Sarah walks over to the man, intent on enveloping his whole image. She wants to see him up close.

The closer she gets, the more he turns away. He suddenly speaks to her.

“Well, I ain’t never seen no coffin the color of a pink bumper car.”

Sarah looks down at the grotesquely pink coffin lowered in the grave. It does have a glittering aspect. She looks back up at the gravediggers face. It is flabby and yet oddly pinched. She has never seen this man before.
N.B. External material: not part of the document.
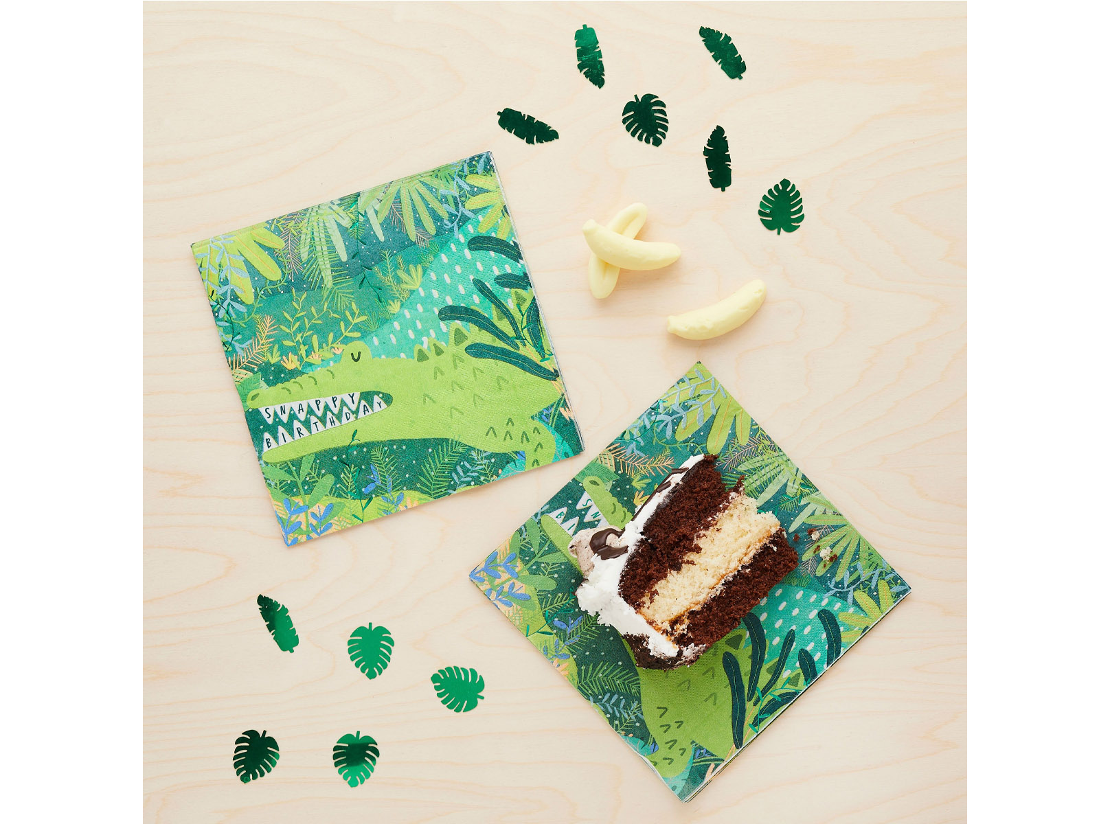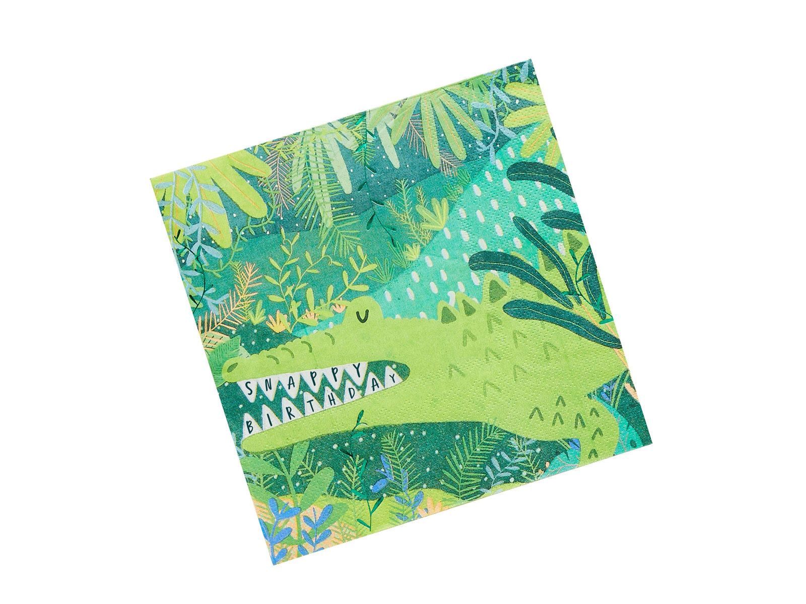 Przygotuj niezapomniane przyjęcie dla swojego dziecka z naszymi uroczymi serwetkami "Krokodylek". Każda serwetka zdobiona jest zabawnym motywem krokodyla, co sprawia, że są one idealnym dodatkiem do każdej imprezy z tematyką safari czy zwierzęcą. Pasują świetnie do zestawów z serii Snappy Birthday, tworząc spójny i atrakcyjny wystrój stołu.
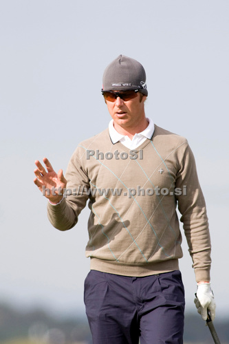 : Mikko Ilonen of Finland acknowledges the crowd after a birdie putt on the 9th hole while competing at The Old Course during the final round of the Alfred Dunhill Links Champions, part of the PGA European Tour, Race to Dubai Championship.

Sarah turns away in disappointment. She walks back to Betty’s car, with Betty on her tail.

“Do you want to see Bob? Maybe he can meet us at the diner for lunch.”

“Yes…”Sarah instantly responds, before slowly losing her balance. She falls over on to her knees.

“Sarah, Sarah…are you okay?”

“I want to see Bob. I want to see Bob.” Sarah repeats in a voice of sudden low pitch and power.

Betty leans over.

“Oh, Sarah, what’s the matter?”

“I want to see him.”

“Well, he’s home now. For the weekend, but he’s flying back to L.A. Monday.”

“Bob does not leave this place.”

“He does. He’s all grown up now, Sarah. He has a home. He’s married…”

“Did he marry Laura? Are Laura and he married.”

“No, Sarah. Bobby married Lisa, remember. I sent you the wedding picture.”

“Oh, Bobby. Yes, Bobby.”

“Sometimes Bob.”

Sarah sits up, gaining her balance.

“Why don’t I take you home, Sarah.”

“Okay.”

Betty helps Sarah up and guides her to the car.

Sarah sits silently in the car on the way home. She doesn’t have to ask to open the car window. In fact, she finds it too cold with the window open. She slowly shuts it.

She’ll have to have a cigarette when she gets home.